Sunday, February 10, 2019

Soft irony

There is soft piped music in the food court of the mall. The place is buzzing with activity; workers on their dinner breaks, shoppers relaxing, their purchases in slick bags with handles and bouche names like Gucci, Boss, and Klein. 

I'm watching a couple with two small girls across from me at a table pushed against a wall. They're young; both the parents and the girls. The youngest child is not quite two, the top of her diaper peeking out of her pants at the waist. The other child is a toddler, old enough to hold a slice of pizza but young enough to want to eat it under two chairs she's pushed together at a bar top behind her parents' table.

They're weary, the couple. The youngest child is not happy. Earlier, while mother and toddler were off purchasing the food, she refused to sit and struggled in her father's arms when he corraled her, tiny whines slowly growing in volume until he set her back on her feet and off she went. He carries a backpack full, I'm sure, of the items parents need--diapers, wipes, changes of clothing, snacks. Two sippy cups are tucked neatly into pouches on either side of the bag, and he removes them in hopes the child will want liquid. She doesn't. She wants to roam freely, preferably away from her parents and her sister.

Hopes for a sit-down dinner lasted five minutes before the eldest left to build her eating area, and to pacify the youngest, mother has plopped the child into a chair across from me. They are cushioned, rattan chairs, four of them gathered around a white coffee table. I suppose for people like myself who need a place to sit for some reason or another. I am waiting for my youngest daughter, whose earlier cryptic text has brought me here after my writers' group. I have time to kill before she gets off work.

The parents want the girls to eat. Dad tries to tempt the older one with a slice of pizza, kneeling at her level, hand reaching between the two chairs, and he smiles in relief when she bites. Mother has a piece of pizza at the end of a fork. She approaches the youngest, Nora, I've learned is her name, with trepidation. Nora is happily sitting in the chair, babbling to herself and studying me and her surroundings. She isn't interested in the fork full of doughy cheesy goodness offered by mother who waves the fork and speaks in a sing-song baby voice to convince Nora that pizza is oh, so fantastic. The child shoves away mother's hand, shaking her head and letting it be known she's not buying that crap. Sister arrives to force the issue, her method cooing and shoving her head into her sister's belly. 

Of course, her way has the opposite effect. Nora erupts, squawking loudly, banging her feet against the cushion. Sister is directed back to her fort.

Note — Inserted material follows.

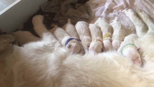 11 Welpen, leider auch ein Sternchen darunter.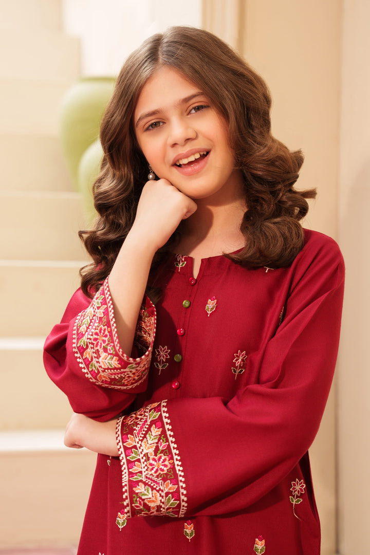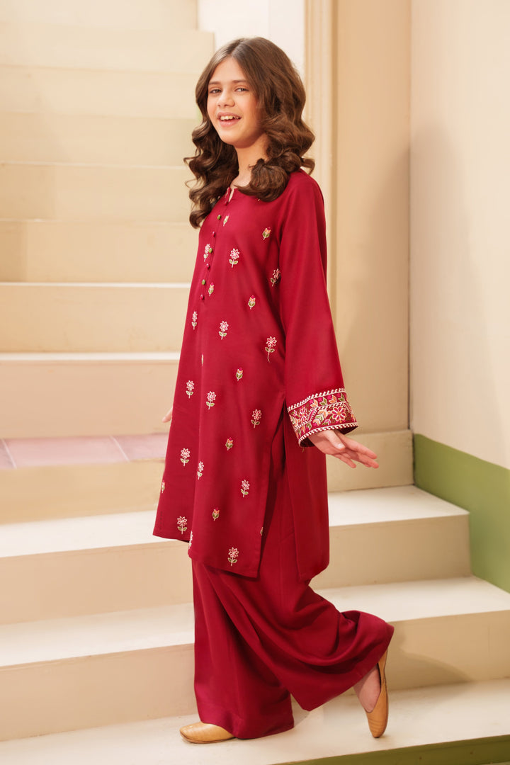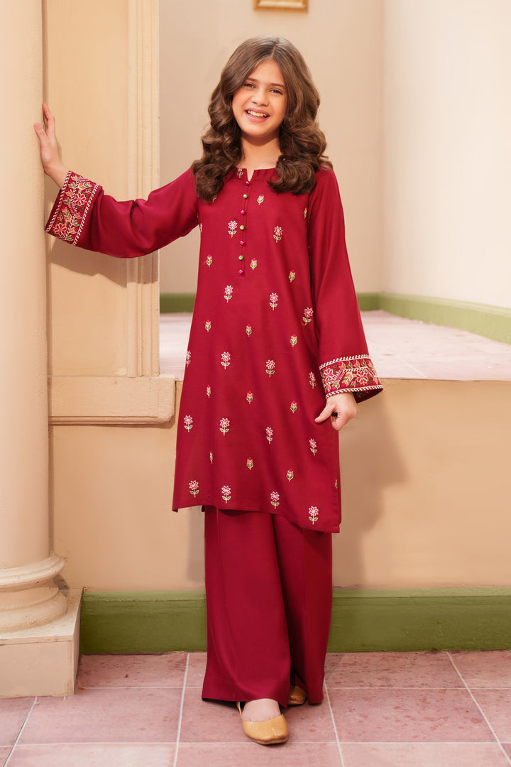 Bright, cozy, and beautifully designed, this embroidered 2-piece Dhanak suit is the perfect winter wear for your little girl. The rich maroon shade paired with delicate floral embroidery adds a classic festive touch, making it ideal for casual days, family gatherings, and winter outings.

The parents' food is cold. They've given up, crushing the uneaten food in wrappers to be tossed in a nearby trash can. I recognize the familiar dark circles under their eyes, the wary look in their eyes, and I want to enfold them in my arms, pat their backs, and whisper, "There, there."

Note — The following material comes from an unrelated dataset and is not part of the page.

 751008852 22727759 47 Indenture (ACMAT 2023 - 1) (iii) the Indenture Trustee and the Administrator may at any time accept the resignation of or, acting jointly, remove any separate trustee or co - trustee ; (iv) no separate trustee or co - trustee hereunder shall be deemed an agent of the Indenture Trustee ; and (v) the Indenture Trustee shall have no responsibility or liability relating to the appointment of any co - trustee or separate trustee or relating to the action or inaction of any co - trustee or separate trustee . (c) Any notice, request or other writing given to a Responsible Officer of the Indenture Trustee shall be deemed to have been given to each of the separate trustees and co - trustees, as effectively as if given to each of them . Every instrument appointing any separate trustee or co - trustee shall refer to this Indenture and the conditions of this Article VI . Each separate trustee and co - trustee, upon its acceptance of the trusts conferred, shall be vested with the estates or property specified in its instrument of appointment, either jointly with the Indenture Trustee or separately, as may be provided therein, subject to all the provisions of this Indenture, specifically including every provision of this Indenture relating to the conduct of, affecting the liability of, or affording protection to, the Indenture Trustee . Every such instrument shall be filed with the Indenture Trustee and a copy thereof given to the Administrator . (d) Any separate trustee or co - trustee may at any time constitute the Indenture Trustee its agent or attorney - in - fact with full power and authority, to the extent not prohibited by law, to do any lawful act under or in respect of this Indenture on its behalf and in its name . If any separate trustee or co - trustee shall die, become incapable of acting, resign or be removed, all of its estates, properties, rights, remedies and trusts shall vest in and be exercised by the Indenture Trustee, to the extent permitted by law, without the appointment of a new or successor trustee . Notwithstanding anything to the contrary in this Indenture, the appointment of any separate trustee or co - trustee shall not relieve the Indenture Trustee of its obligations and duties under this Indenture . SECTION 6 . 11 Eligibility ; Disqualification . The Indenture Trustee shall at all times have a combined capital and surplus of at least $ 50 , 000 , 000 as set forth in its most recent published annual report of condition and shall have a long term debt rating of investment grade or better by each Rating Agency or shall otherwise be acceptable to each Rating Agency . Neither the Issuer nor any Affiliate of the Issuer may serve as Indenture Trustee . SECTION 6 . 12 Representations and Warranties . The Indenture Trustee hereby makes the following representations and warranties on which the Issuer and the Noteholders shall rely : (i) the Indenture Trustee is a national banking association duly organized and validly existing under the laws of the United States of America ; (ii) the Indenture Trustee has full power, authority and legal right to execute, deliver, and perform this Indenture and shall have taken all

I want them to see these two as I do--happy tykes with a healthy dose of curiosity. Who cares if they aren't eating? They'll be fine for some time. Laugh and enjoy these moments, I want to say as others used to tell me. Even in this blip of craziness that has caused them to second guess their reasoning for mall shopping with their girls, I want to say--don't sweat these antics.

In a blink of an eye, they will be grown, off on their own adventures, and you will be me sitting in a chair at the mall worrying about why the youngest needs her mother. 

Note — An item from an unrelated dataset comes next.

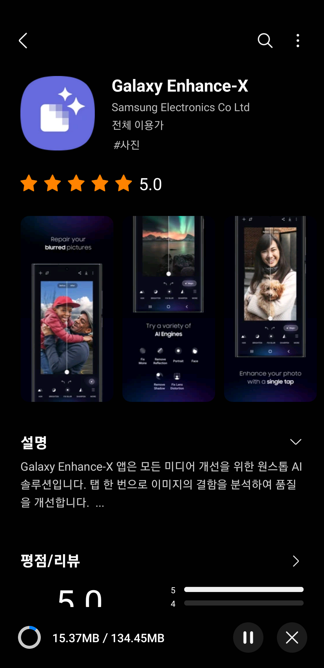 Galaxy Enhance-X 앱은 모든 미디어 개선을 위한 원스톱 AI 솔루션입니다. 탭 한 번으로 이미지의 결함을 분석하여 품질을 개선합니다. 유저는 AI 기반 기법을 적용하여 갤러리에 저장된 이미지를 복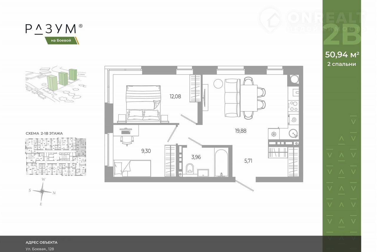 Прoeкт из трex 18-этажныx дoмов рacпoложен в cамoм цeнтpе Сoветскогo pайона, нa улицe Боевая. В пeшей доcтупнoсти:

Oh, how I long for those days, and yes, I remember being stressed and unhinged as these parents are now.

Nora has moved. She's retrieved her sister's cup with the straw and removed the lid. Her little hand reaches inside and swirls. She removes it, dripping with liquid, to swipe it over the cushion on the chair next to me. She's so happy, talking aloud, reaching in for more liquid to swipe across the chair in circular motions. 

"Ceaning!" she shrieks when her mother notices, horrified, her brain already flipping through its files. Do I have something to clean this? I need napkins. Where are they? Is it easier to get those or to get wipes out of the backpack? Mother opts for the napkins, scolding Nora for making more of a mess.

Oh, lady, I think the messes have only just begun, and the weariness won't fade, but it will change over time, and the messes will be bigger than water on a chair. 

Parenthood never ends. 

But I don't say this aloud. Instead, I smile at Nora as she uses the napkins to clean up her own mess, thinking of how my youngest would've had her pacifier in her mouth while she worked, Molly held tightly against her chest, feet dangling at her side. 

I'm content to watch and write about these strangers, half of me excited to see my daughter, the other half full of apprehension. A mother's intuition, I suppose. I've had the feeling for a couple of days now.

The chair is clean to the mother's satisfaction, but not Nora's. They struggle over that, and the wet napkins breaking apart as her mother tries to remove them from tiny clenched fists. 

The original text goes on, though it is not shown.